And my songwriting background is doing it hip-hop style. You come up with a groove and you start fleshing out a song after that, and so that was real second nature to me to, “Hey, let’s start with these grooves and then let’s start fleshing out the concepts of what the songs are going to be.” And I think, going through that process, I think Danny… Honestly, Danny could do it without me now. Danny saw what my methodology is and he took to it immediately. And, also, he comes from a different background than I come from. My background—record digging, hip-hop production, dance music production—all that stuff that fits in with what Skylarks is, so I immediately also saw from his demos how we could piece it together in a cohesive concept, right?

Because Silver Skylarks aren’t going to be a band that goes out and tours, and so in order to make that stuff interesting or appealing to the listener, they have to understand what our concept is and why we have the special guests we have and why it all makes sense, which is why we’re launching all of it with Large Professor and Adrian Quesada and Shabazz 3, and all these things that tie all of that together.

How did you get Large Professor involved?

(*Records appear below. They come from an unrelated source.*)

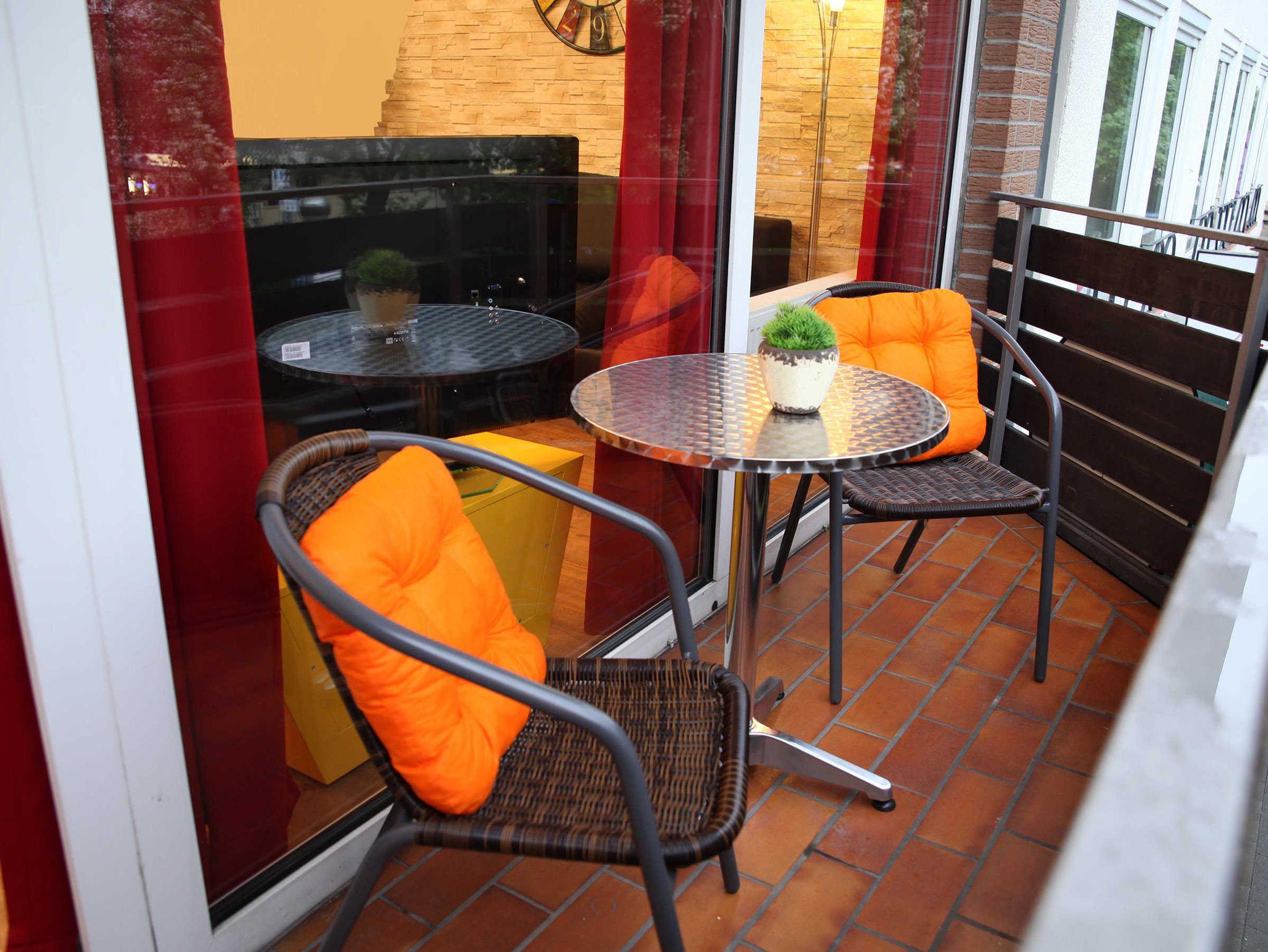 Der Süd-Balkon mit Tisch und Stühlen lädt zum Verweilen ein. Das kinderfreundliche Nichtraucher-Apartment besticht besonders durch seine individuelle Einrichtung mit modernen Möbeln.
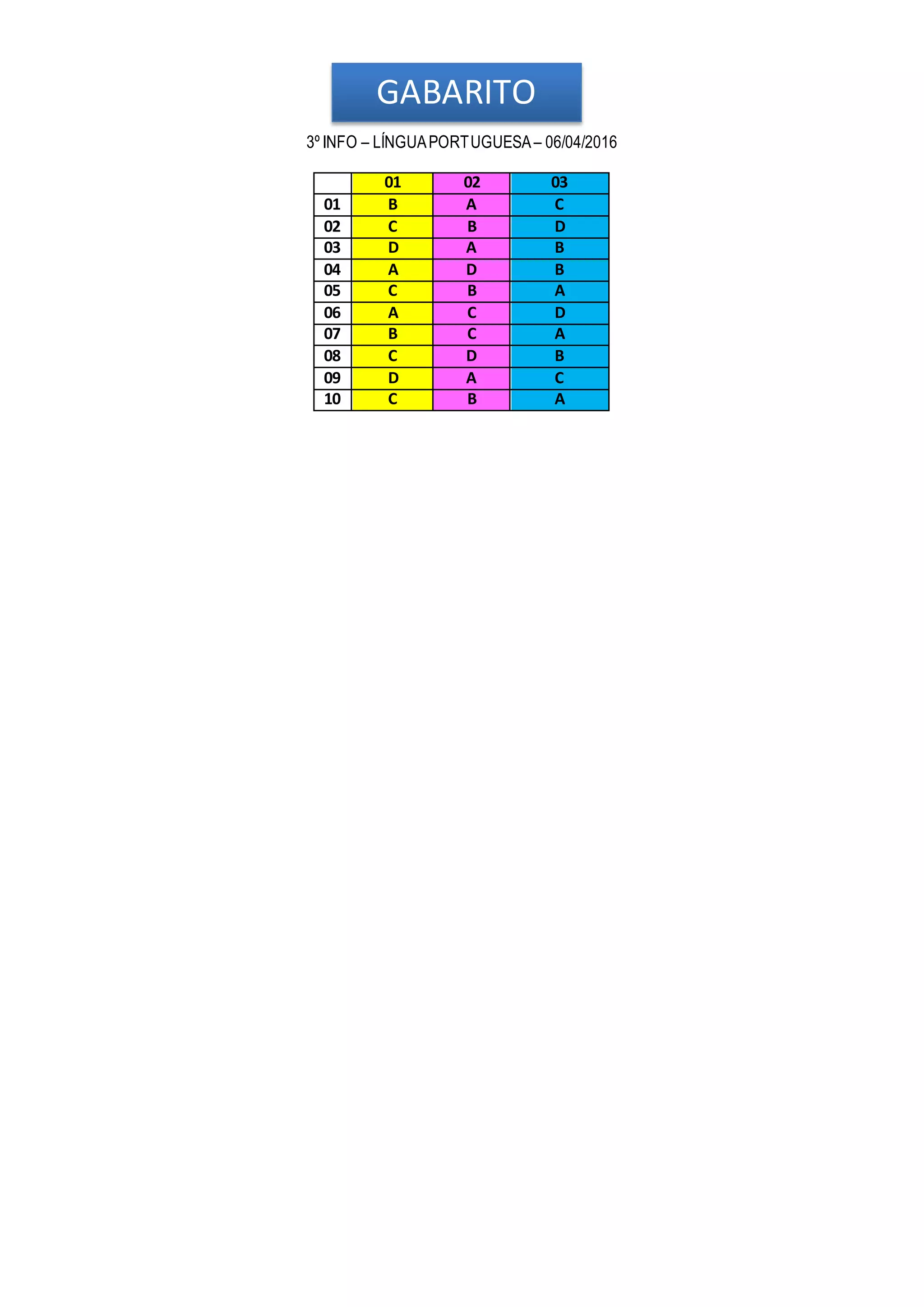 3º INFO –LÍNGUAPORTUGUESA– 06/04/2016
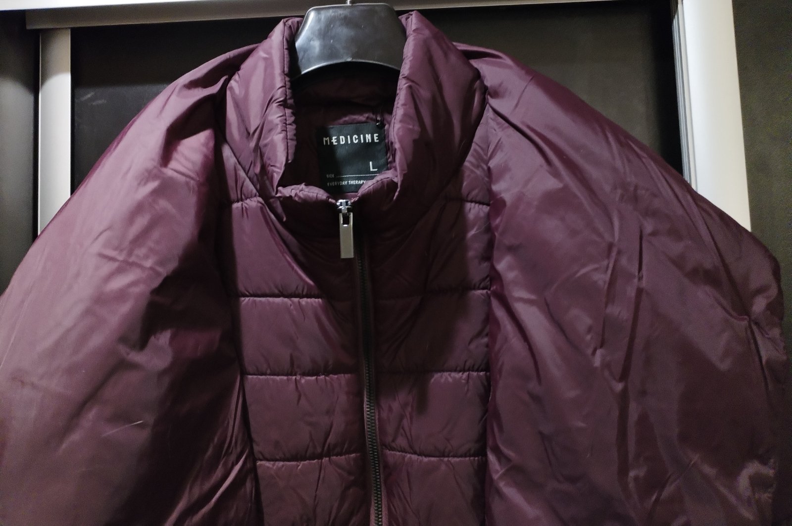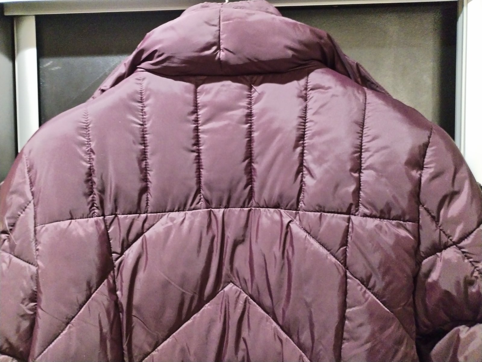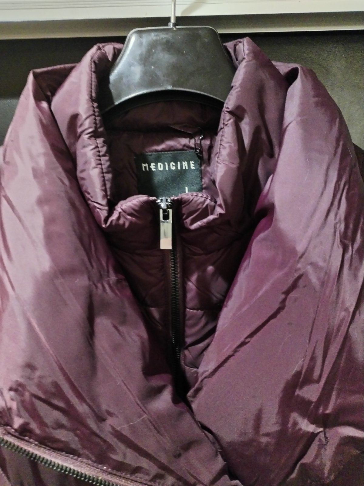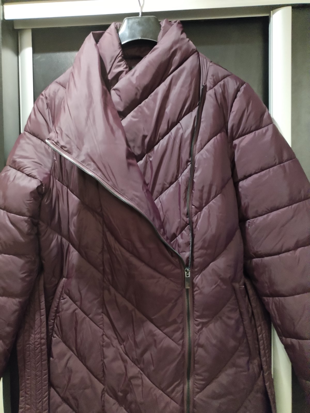 Pohodlná zimná bunda, so zaujímavým zapínaním. Leslý, tmavo fialový materiál. Bez poškodení, sadne aj na menšie XL.

So I had met him before the pandemic and just stayed in touch with him. And then, as the thing was starting to come together, we were looking for an MC for that one song. And I sent him the demo, and I’d have to go look at the text message, but I believe he said, “I can fuck with this.” So I had gone in there and restructured the song. If you really drill down, it’s just a funk thing with more refrains from Spice and Roy, but when we get to the section that Large Professor was in, I went in there and changed the sonics of it and then made that a loop, so we cut loops out of the song.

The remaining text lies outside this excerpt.